# Sausage Tree



## Trithor (Oct 1, 2013)

The first rains have fallen at the farm and the transformation is incredible. In a matter of days trees start to bloom and leaf over, non more spectacular than Kegelia Africana or Sausage tree. The tree is a hive of activity with birds catching insects, insects sipping nectar and sunbirds flitting from bloom to bloom. Of course you don't want to be parking your car under the tree either, as when the 15kg seed pods/fruits drop, they cause significant dents.


Uploaded with ImageShack.com


Uploaded with ImageShack.com


Uploaded with ImageShack.com


----------



## NYEric (Oct 1, 2013)

Very interesting. thanks for sharing.


----------



## Erythrone (Oct 1, 2013)

Stunning!


----------



## SlipperKing (Oct 1, 2013)

Interesting how the flowers hang down


----------



## SlipperFan (Oct 1, 2013)

Cool tree and flowers.


----------



## abax (Oct 2, 2013)

WOW and woohoo! Africa is chock full of amazing and delightful flora and
fauna. That large oval thing is one seed or full of smaller seeds? This tree
just beats the hell out of the huge white oak that is shelling our house!

I gotta ask where the common name "sausage" came from.


----------



## JeanLux (Oct 2, 2013)

Most impressive !!!! Jean


----------



## Trithor (Oct 2, 2013)

abax said:


> WOW and woohoo! Africa is chock full of amazing and delightful flora and
> fauna. That large oval thing is one seed or full of smaller seeds? This tree
> just beats the hell out of the huge white oak that is shelling our house!
> 
> I gotta ask where the common name "sausage" came from.



That large oval thing is the fruit. It is still a small tree, so the fruits are still small, as the tree gets older the fruits get larger and more elongated and look like giant sausages. A fruit of 15kg plus is pretty average, and dropping from 20meters make a proper thud when they hit the ground. 
The fruits are poisonous, but one would assume that something must eat it, but none of the animals on my farm seem to try them.


----------



## Dido (Oct 2, 2013)

nice flower and big fruits, 

do they have interesting ingredients I am always looking for new raw material to sell


----------



## eds (Oct 2, 2013)

Trithor said:


> The fruits are poisonous, but one would assume that something must eat it, but none of the animals on my farm seem to try them.

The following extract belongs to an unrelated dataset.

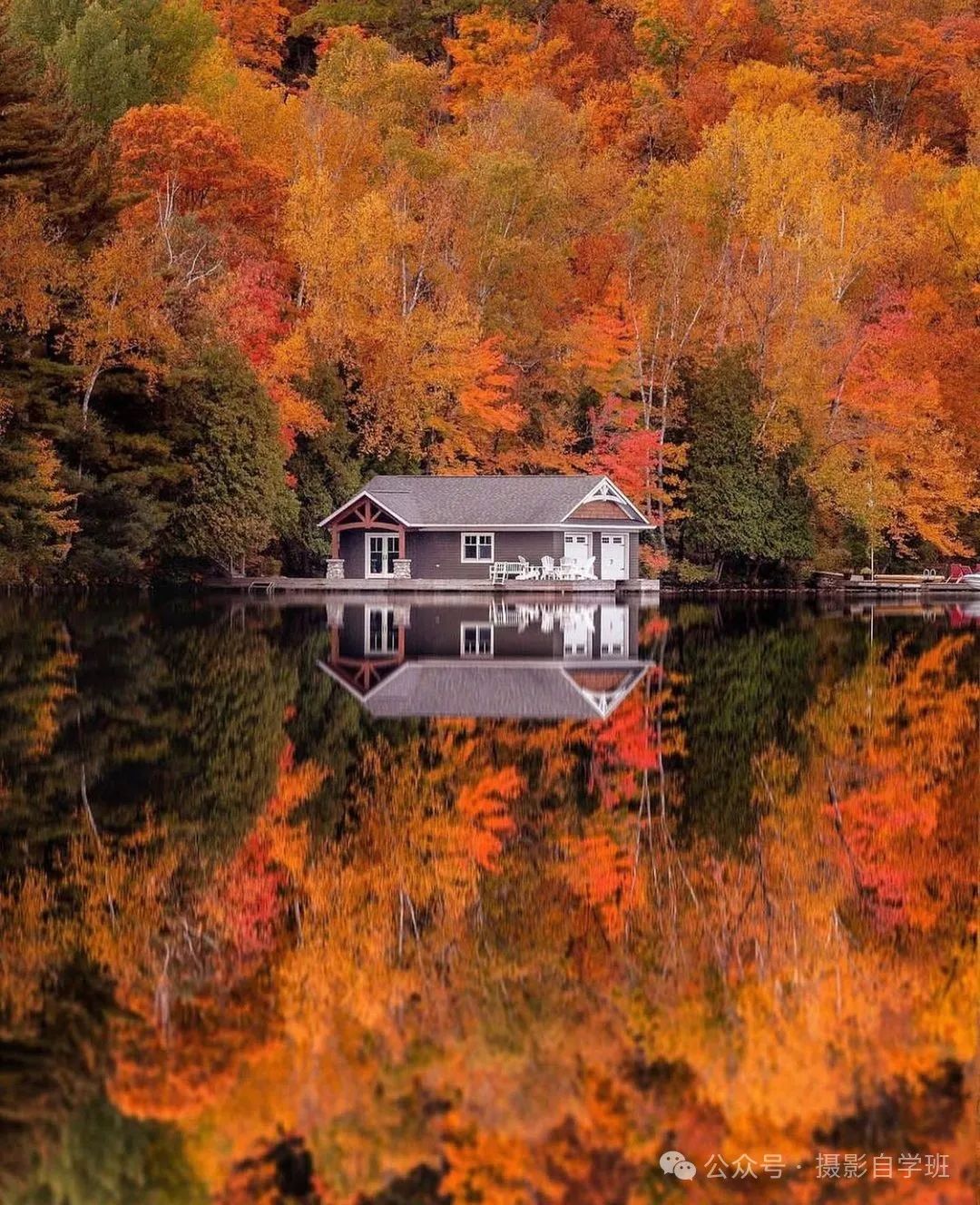 秋天的景色中,建筑元素往往能增添一份人文气息。拍摄时,将手机对准被秋天树木包围的小屋或建筑,捕捉其与周围环境的和谐共生。注意调整手机的构图和角度,让小屋成为画面的视觉中心,同时利用树木的色彩和形状来衬托小屋的宁静与美丽。

They're supposed to be a favourite food of hippos!


----------



## Trithor (Oct 2, 2013)

No hippo where I am 
Dido, I am quite happy to send you a fruit if you think you can get it into hometown


----------



## Secundino (Oct 2, 2013)

There is one of these gorgeous trees in the neighborhood flowering, too, but I didn't know the sausages were poisonous. The tree is nearby a children playground!


----------



## Dido (Oct 2, 2013)

Only interested if it would have interesting ingredients 
do you know anything over it, could not really find something


----------



## KyushuCalanthe (Oct 2, 2013)

Ah man, I was hope for real sausages on a tree :rollhappy:

Neat tree to be sure. I remember seeing my first one in south Florida growing along the Tamiami Trail deep in the everglades when I was a kid. It would be cool for you to post pics of them as well - they're a hoot!


----------



## paphioboy (Oct 5, 2013)

Interesting tree...


----------